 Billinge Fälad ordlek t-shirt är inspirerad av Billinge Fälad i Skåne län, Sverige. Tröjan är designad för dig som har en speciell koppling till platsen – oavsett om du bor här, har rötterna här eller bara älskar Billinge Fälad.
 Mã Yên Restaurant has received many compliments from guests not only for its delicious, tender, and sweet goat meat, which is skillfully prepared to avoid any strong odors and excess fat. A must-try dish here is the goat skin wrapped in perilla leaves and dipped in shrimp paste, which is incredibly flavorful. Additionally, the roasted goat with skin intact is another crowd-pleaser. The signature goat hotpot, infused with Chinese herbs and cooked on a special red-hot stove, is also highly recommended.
□ □ □
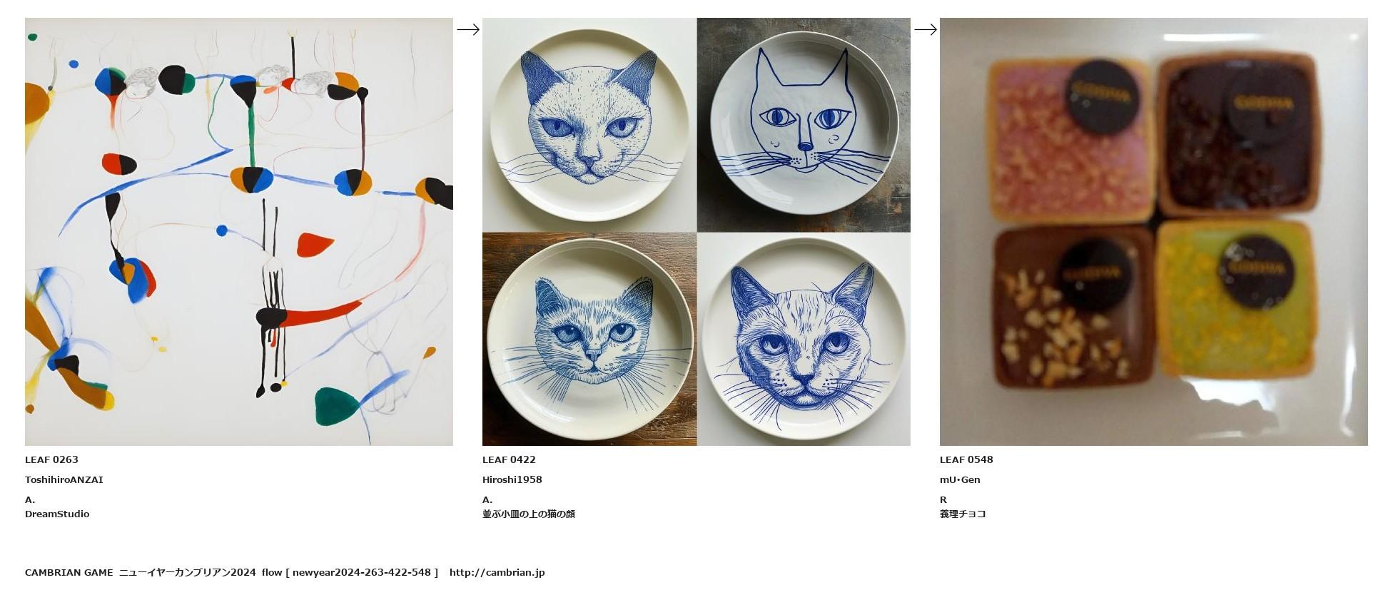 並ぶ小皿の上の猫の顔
□ □ □
TASK REQUIREMENTS → Above are the records; from them, give again exactly the lines from the one containing "Billinge Fälad ordlek" through the one containing "Mã Yên Restaurant", both included.

WRITTEN SOLUTION →
 Billinge Fälad ordlek t-shirt är inspirerad av Billinge Fälad i Skåne län, Sverige. Tröjan är designad för dig som har en speciell koppling till platsen – oavsett om du bor här, har rötterna här eller bara älskar Billinge Fälad.
 Mã Yên Restaurant has received many compliments from guests not only for its delicious, tender, and sweet goat meat, which is skillfully prepared to avoid any strong odors and excess fat. A must-try dish here is the goat skin wrapped in perilla leaves and dipped in shrimp paste, which is incredibly flavorful. Additionally, the roasted goat with skin intact is another crowd-pleaser. The signature goat hotpot, infused with Chinese herbs and cooked on a special red-hot stove, is also highly recommended.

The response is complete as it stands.